*Problem to work on*
Please write out all the entries exactly, without the pictures.

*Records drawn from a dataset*
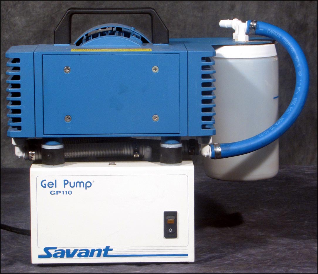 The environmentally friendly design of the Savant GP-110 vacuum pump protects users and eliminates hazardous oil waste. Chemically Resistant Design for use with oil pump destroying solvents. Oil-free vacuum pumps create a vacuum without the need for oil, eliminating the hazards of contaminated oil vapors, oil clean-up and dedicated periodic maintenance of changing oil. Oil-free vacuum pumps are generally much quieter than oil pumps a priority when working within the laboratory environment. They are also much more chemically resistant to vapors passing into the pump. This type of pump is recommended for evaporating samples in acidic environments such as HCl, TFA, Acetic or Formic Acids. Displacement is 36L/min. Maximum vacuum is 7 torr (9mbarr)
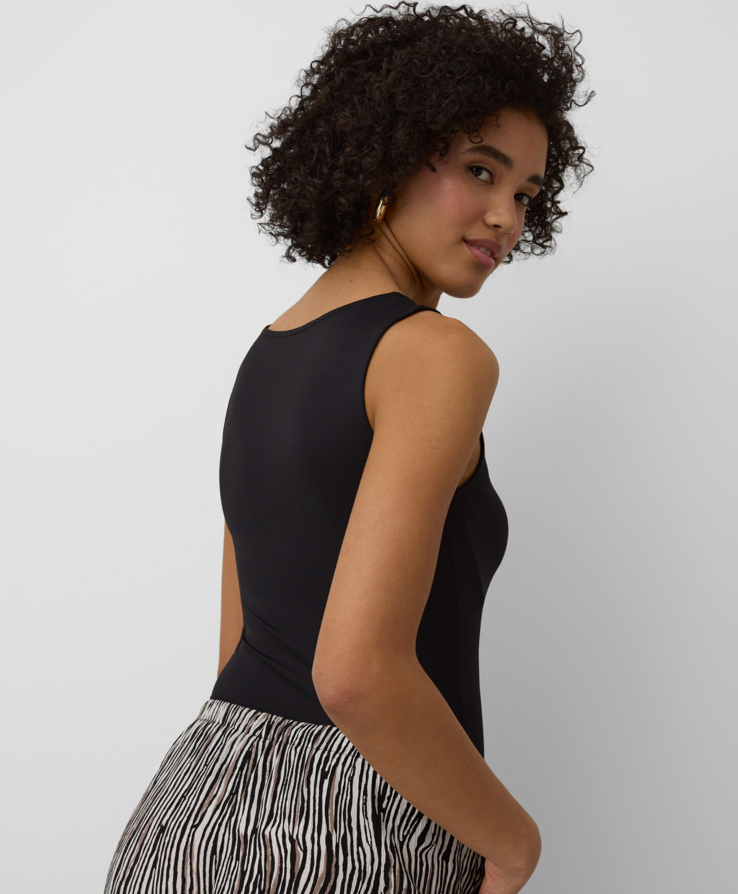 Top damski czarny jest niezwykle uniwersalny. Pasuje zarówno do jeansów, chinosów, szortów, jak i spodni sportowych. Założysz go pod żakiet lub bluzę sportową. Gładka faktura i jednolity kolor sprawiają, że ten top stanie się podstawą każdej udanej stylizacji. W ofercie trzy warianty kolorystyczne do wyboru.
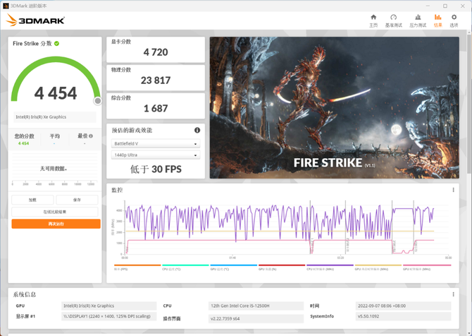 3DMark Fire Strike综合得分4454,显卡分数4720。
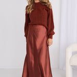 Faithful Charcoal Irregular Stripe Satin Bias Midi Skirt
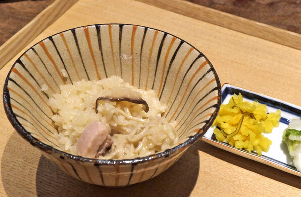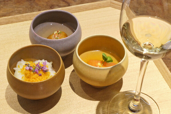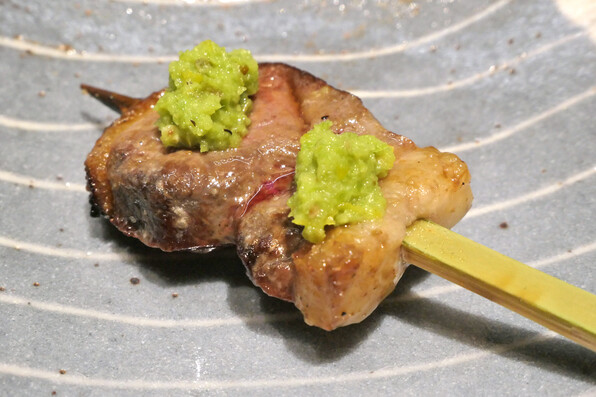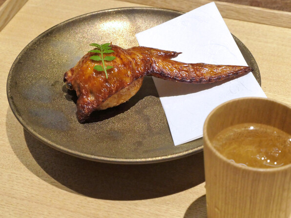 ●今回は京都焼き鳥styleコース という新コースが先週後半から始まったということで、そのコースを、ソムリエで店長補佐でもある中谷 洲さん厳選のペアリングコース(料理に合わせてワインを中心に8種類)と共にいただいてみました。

*Solution to this problem*
 The environmentally friendly design of the Savant GP-110 vacuum pump protects users and eliminates hazardous oil waste. Chemically Resistant Design for use with oil pump destroying solvents. Oil-free vacuum pumps create a vacuum without the need for oil, eliminating the hazards of contaminated oil vapors, oil clean-up and dedicated periodic maintenance of changing oil. Oil-free vacuum pumps are generally much quieter than oil pumps a priority when working within the laboratory environment. They are also much more chemically resistant to vapors passing into the pump. This type of pump is recommended for evaporating samples in acidic environments such as HCl, TFA, Acetic or Formic Acids. Displacement is 36L/min. Maximum vacuum is 7 torr (9mbarr)
 Top damski czarny jest niezwykle uniwersalny. Pasuje zarówno do jeansów, chinosów, szortów, jak i spodni sportowych. Założysz go pod żakiet lub bluzę sportową. Gładka faktura i jednolity kolor sprawiają, że ten top stanie się podstawą każdej udanej stylizacji. W ofercie trzy warianty kolorystyczne do wyboru.
 3DMark Fire Strike综合得分4454,显卡分数4720。
 Faithful Charcoal Irregular Stripe Satin Bias Midi Skirt
 ●今回は京都焼き鳥styleコース という新コースが先週後半から始まったということで、そのコースを、ソムリエで店長補佐でもある中谷 洲さん厳選のペアリングコース(料理に合わせてワインを中心に8種類)と共にいただいてみました。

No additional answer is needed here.